Philadelphia police officers who break certain department rules can now trade formal discipline for a few hours in the classroom, and the city’s top police watchdog is making it clear it will be checking the syllabus and the sign-in sheets.
How the program works
Rolled out last fall, the training-focused diversion program gives officers accused of specific departmental violations the option to complete a four-hour training instead of receiving formal discipline. The department says it has held 18 of these four-hour sessions so far, with more than 100 officers, including eight supervisors, already completing the course and another 47 scheduled. Once an officer opts in, the session has to be wrapped up within three months.
There are some limits. Officers can use the diversion only once per year, and not for the same offense if they committed it within the past six months. The curriculum covers roughly 20 violations, ranging from failing to turn on body-worn cameras to using offensive language or getting into on-duty quarrels that do not escalate into physical confrontations. Police officials say the whole thing is designed to chip away at a disciplinary backlog that topped 600 cases in 2023, many of which can take years to resolve, according to Axios.
Watchdog flagged it at a public meeting
Janine Zajac, director of Auditing, Policy and Research at the Citizens Police Oversight Commission, was listed as a presenter at the commission’s March 12 public meeting, where the new disciplinary option was on the agenda. Alongside the diversion discussion, the public agenda lists upcoming Police Board of Inquiry hearings at Police Headquarters, 400 N. Broad Street.
CPOC staff say they intend to keep tracking whether officers are being routed into the training alternative instead of moving through progressive discipline, according to the City of Philadelphia meeting agenda. In other words, the commission is signaling it will be less interested in glossy program descriptions and more focused on who actually ends up in those classrooms, and why.

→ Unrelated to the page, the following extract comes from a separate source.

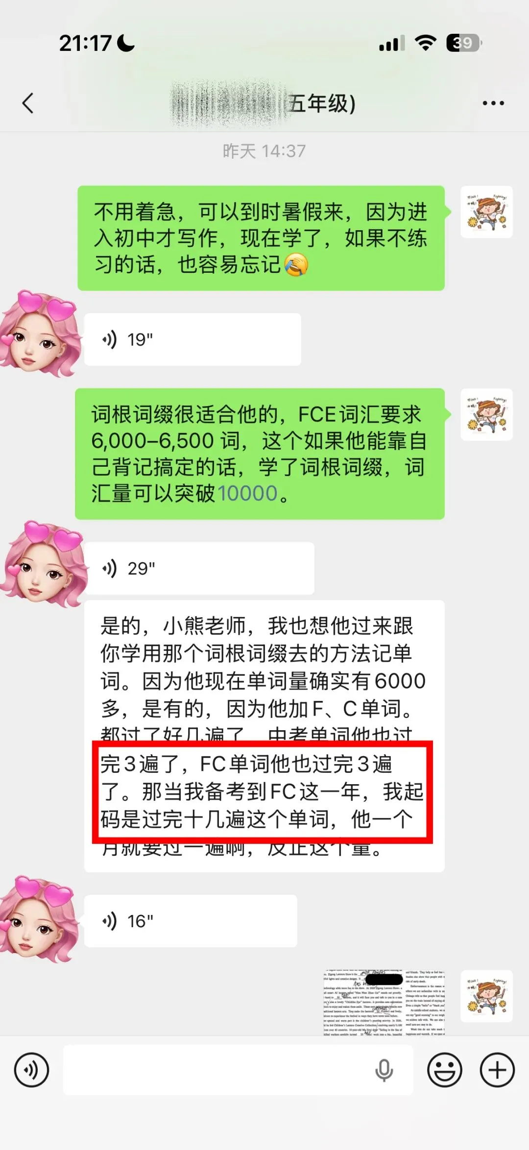 就说这个五年级的孩子,每天雷打不动背100个单词,FCE要求的6000-6500个单词,他已经刷过三遍了。五年级啊,三遍。这种执行力真的不是一般家庭能做到的。

Watchdogs sat in on sessions
CPOC research staff told commissioners they had observed at least one training session. They reported seeing officers work through scenarios and review body-worn camera footage as part of the class.
"No one likes to sit through training," CPOC research analyst Mia McLendon told reporters, acknowledging the universal groan that comes with mandated courses. Still, she said officers in the room were engaged and responsive, a detail noted in coverage by Axios.
Why oversight matters
The scrutiny is not happening in a vacuum. Advocates point to a broader backdrop of arbitration decisions and costly settlements that make any new alternate path in discipline a hot button. A Citizens Police Oversight Commission analysis and reporting by The Philadelphia Inquirer found that a large share of fired officers have been reinstated through arbitration, a pattern that watchdogs say can weaken accountability and drive up taxpayer payouts.
CPOC says it will keep monitoring how the diversion program is used as it grows, while the police department maintains that the classroom route is part of a larger push to clear out old cases more quickly. For now, the initiative amounts to a live test: can a few hours of targeted training sit alongside traditional discipline without quietly eroding public trust in how problem officers are held to account.